What do you intend to contribute to the world of gastronomy at this time?
We will share the knowledge around innovation. In the nineties we already did in elBulli open doors, we have more than 2,000 bullinians distributed all over the world, and now from the Foundation we want to share all this knowledge with the new generations, so that they are the best. Resources are needed because not everyone has access to training, we allocate more than one million euros to generate content and disseminate it.
How is elBullifoundation financed?
We started organizing dinners to raise funds some time ago; with the auction of the elBulli winery we raised 5.5 million euros … It is more important that the resources go to the foundation than to my box. I could have dedicated myself to consulting, but I am more interested in contributing to spreading knowledge and encouraging innovation.
Are you rich?
Being rich is that you do not need anything. I have saved, because that story that elBulli did not earn money is not true. I live a normal life, I do not have a Ferrari, I do not need luxuries, what I need are challenges, and I like to share them. I am lucky to have arrived where I have arrived, and selfishly I want to continue having challenges.
Do you need to continue feeding the ego?
I already have everything, all the prizes I have had and for having. I have my ego covered, but what I want is for the work of El Bulli and all the cooks who made that revolution to be recognized. It is something very difficult that happens again and it is good that it is put in value. Now there are very good people, but either you do something different or you do not stand out. If you do not sell how they will buy you. There is no stopping.
Do you make money with haute cuisine?
If what you do is cutting edge, it's not profitable. It is the purest thing there is.
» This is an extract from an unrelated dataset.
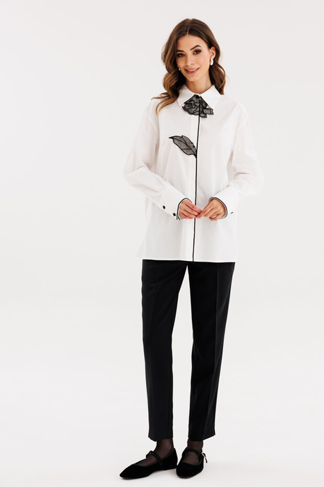 Брюки выполнены из однотонной костюмной ткани, заужены к низу, на задних половинках карманы с листочкой, застежка в боковом шве на металлическую молнию и пуговицу. По низу в боковом шве разрезы.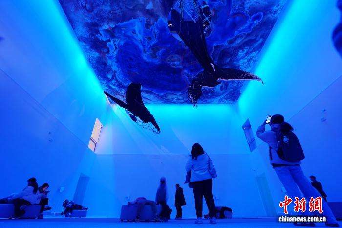 图为在幽蓝的灯光下,观众驻足仰望,仿佛置身于深邃的海底世界。

When we created the R & D & I model, we looked for resources outside, as was already done in France. It is difficult to earn money with quality and creativity at a reasonable price.
Dani García closes the restaurant after achieving the third Michelin star; Closing when you're at the top is brave?
It's fantastic. You win the Champions and you go, it is a personal decision that must be respected. We were looking for the vanguard, to open roads, and I found the limits, and I decided that it was better to look for life outside. Carme Ruscalleda has also left and is very well. If it is for an economic issue, that the business is not going well, it is better to close it at the beginning. 50% of the restaurants do not last more than five years and 22%, no more than two years.
Most of the great chefs are men, does diversity not enter the kitchen?
Many girls passed through elBulli, although most of them were men, but this is a matter of time. The talent is linked to the quantity and little by little it will be adapted. I have never looked at talent by gender. We must normalize it and fight for equality, with decent salaries. You can not pay salaries of 800 euros. I'm more worried about people earning decent wages than women being up, because they will be, it's a matter of time.